愛想笑いを覚え、駆け引きをするようになり、素直に好きだと言えなくなった。
いや、自分の本当の気持ちが分からなくなったのかも知れない。たった一言、「好き」と伝えればいいのに、遠回りをして見失ってしまう。
余計な飾りなんていらない。
究極の告白は、
「君が好きだ」「私も好き」。
・・・ああ、そうか。
だから、人は誰かを好きにならずにはいられないんだ。
だとすれば私は───
考え込んでいるうちに、すっかり辺りが暗くなっていた。日が落ちるとゲームセンター付近は、徐々に物騒になる。
まだ少し目が腫れぼったいが、もうこのベンチから離れよう。そう思って立ち上がると目の前に、茶髪にピアスをジャララジャラとぶら下げた男性が立っていた。
男性の横をすり抜けようとすると、私と同じ方向に移動して通せんぼをしてくる。ニタニタと下品な笑みを浮かべている。

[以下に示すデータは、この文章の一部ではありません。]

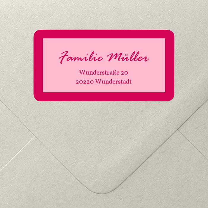 In hellem Pink und dunklem Himbeerton fügt sich dieser Adressaufkleber wunderbar auf jeden Briefumschlag. Für Ihren Namen und Ihre Anschrift bietet sich hier genug Platz. So machen Sie garantiert jeden auf den Absender neugierig.

今日は智洋も美優もいない。ちょっとヤバイかも知れない。
ガムをクチャクチャと噛みながら、近寄ってくる。
「おい、ちょっと付き合えよ」
「い、いえ、急いでいるので」
「ああ?お前の都合なんか聞いちゃいねーし。お前はオレに、大人しくついてくりゃいいんだよ!!」
手首をつかまれ、強引に引っ張られる。
「い、いや・・・」
「ちょっとゴメンなさいよ」
誰かが横から割り込み、私をつかんでいた手を振り払う。
「んだ、てめーはよ!!」
怒声が響くと同時に、その人物は両手で突き飛ばされた。
「・・・桐山?」
「よう、お前はオレが守ってやるから心配すんな」
ニカッと笑った桐山が、再び私の前に立つ。明らかにイラついている茶髪が、下から上へと舐めるように桐山を睨み付ける。
「ナメてんじゃねーぞ。やんのか、コラ!!」
ヒートアップする茶髪に、桐山は動じる事もなく睨み返す。
「ナメてんのはそっちだろ、こう見えてもオレは・・・ああ、警察!!」
「あ?」
桐山が指を差した方向に、茶髪は反射的に視線を移した。
「・・・逃げ足は速いんだよ!!」
桐山の手が、私の手をつかんで走り出す。
「え、ええ!?」
私の手を引きながら、人通りの多い方向へと全力で走る。
そんな桐山の背中を見詰めながら、鼓動がドンドン速くなっていく。